Niklas Schmidt: "Es tut sehr gut, wieder alles in der eigenen Hand zu haben. Das muss Selbstvertrauen geben. Wir dürfen auf keinen Fall eine Sekunde nachlassen. Der Trainer sagte im Kreis, heute können wir uns freuen. Ab morgen gilt der volle Fokus auf Regensburg. Es ist noch ein Spiel, das wollen wir unbedingt positiv gestalten. Wir haben nächste Woche ein schweres Spiel vor uns, das wollen wir aber unbedingt gewinnen.“

Ole Werner: "Ich freue mich auf das Spiel nächste Woche. Ich bin voller Vorfreude, dass wir im Saisonfinale dabei sind, wenn es um die begehrten Plätze geht. Aber der Blick gilt jetzt erst mal zu der Arbeit, die wir zu verrichten haben. Und die Arbeit muss unter der Woche, ab heute eigentlich, anfangen, mit einer guten Regeneration und mit einer guten Trainingsleistung, sodass wir gut vorbereitet sind und dann gegen Regensburg gut zu spielen.“

Zur Unterstützung der Fans:

Marco Friedl: "Die Fans sind geil. Wie sie uns unterstützen taugt mir richtig! Unsere Fans sind unglaublich, das wissen wir nicht erst seit heute. Ich freue mich, dass wir ihnen heute etwas zurückgeben konnten. Danke an alle Fans!“

Niklas Schmidt: "Absolut phänomenal. Auf dem Weg zum Stadion war schon jedes Auto am Hupen.

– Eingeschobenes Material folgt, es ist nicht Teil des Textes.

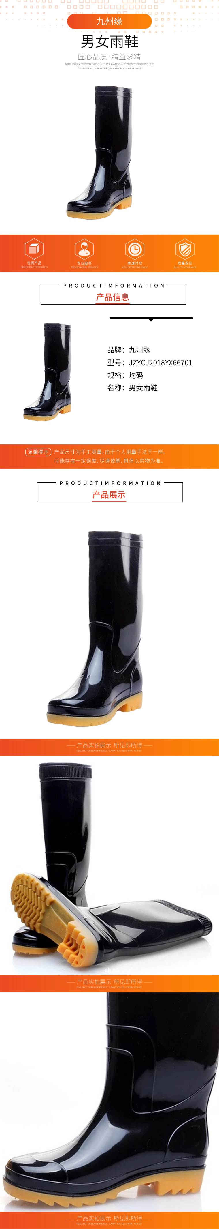 九州缘 JZYCJ2018YX66701 男女雨鞋 均码 (单位:双) 黑色

Da haben wir uns gedacht, das können doch nicht nur 1.000 Fans sein. Wir haben uns riesig darauf gefreut, dass so viele da sind. Ich glaube, zu den Fans muss man nicht viel sagen. Sie sind unglaublich und pushen uns unglaublich nach vorne, jetzt wollen wir sie auch beschenken.“

Ole Werner: "Das war heute ein halbes Heimspiel von der Stimmung und vom Support her. Überall, wo du hingeguckt hast, nicht nur in unserem Block, überall eigentlich immer klar erkennbare grüne Flecken – so muss es sein und das hat uns sicherlich heute auch ein Stück weit getragen.